Training efficiency under hardware constraints. US export controls forced Chinese labs to extract maximum performance from limited GPU budgets, driving innovations in FP8 training, sparse attention mechanisms, and multi-token prediction that Western labs had less pressure to develop.
Business model differences. DeepSeek is funded by a hedge fund and does not need API revenue to be profitable. Several Chinese models are loss-leaders designed to build market share and ecosystem lock-in. Western providers like OpenAI and Anthropic need API margins to fund ongoing research and operations.
API Access Guide for International Users
Accessing Chinese AI models from outside China requires navigating different availability tiers depending on the provider.
Provider
Direct API (International)
Via OpenRouter
Via Azure/Cloud
Self-Host (Open Weight)
DeepSeek
Yes — api.deepseek.com
Yes
Yes (Azure AI)
Yes (MIT)
Zhipu AI (GLM)
Limited (Z.AI API)
Yes
Partial
Yes (MIT)
Alibaba (Qwen)
Yes (DashScope API)
Yes
Yes (Alibaba Cloud)
Yes (Apache 2.0)
Moonshot AI (Kimi)
Yes — platform.kimi.ai
Yes
Limited
Yes (Modified MIT)
The easiest path for international users is through aggregator platforms like OpenRouter, which provides unified API access to most Chinese models with standard authentication, USD billing, and no need for Chinese phone numbers or payment methods.
The most control comes from self-hosting the open-weight versions. All four major Chinese model families release open weights under permissive licenses (MIT or Apache 2.0).

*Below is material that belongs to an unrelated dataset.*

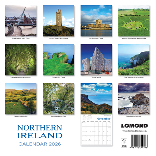 Enjoy wonderful scenic images throughout the year with our range of 2026 calendars. This 24 page wall calendar offers a full page for an image and a full page of date boxes below. The calendar dimensions are 30cm x 30cm (60cm x 30cm when opened). The selection of stunning images of Northern Ireland included are: Peace Bridge, River Foyle; Scrabo Tower, Newtownards; Carrickfergus Castle; Ballynoe Stone Circle, Downpatrick; the Dark Hedges, Ballymoney; Dunseverick Castle; Titanic Belfast; the Wishing Arch, Portrush; Mourne Mountains; Tollymore Forest Park; Fairhead towards Rathlin Island; the Giant's Causeway. Our 2026 Lomond Calendars are in plastic free packaging. |

Once you download the weights, access is permanent and irrevocable — the developer cannot remotely disable the model. This is the approach most commonly used by organizations with data residency requirements or concerns about API reliability.
Azure AI provides access to DeepSeek models with Western-managed infrastructure, eliminating data jurisdiction concerns while preserving the cost advantage. Qwen models are available through Alibaba Cloud's international regions.
Geopolitical and Regulatory Considerations
Using Chinese AI models involves navigating real geopolitical and regulatory considerations that do not apply to Western alternatives.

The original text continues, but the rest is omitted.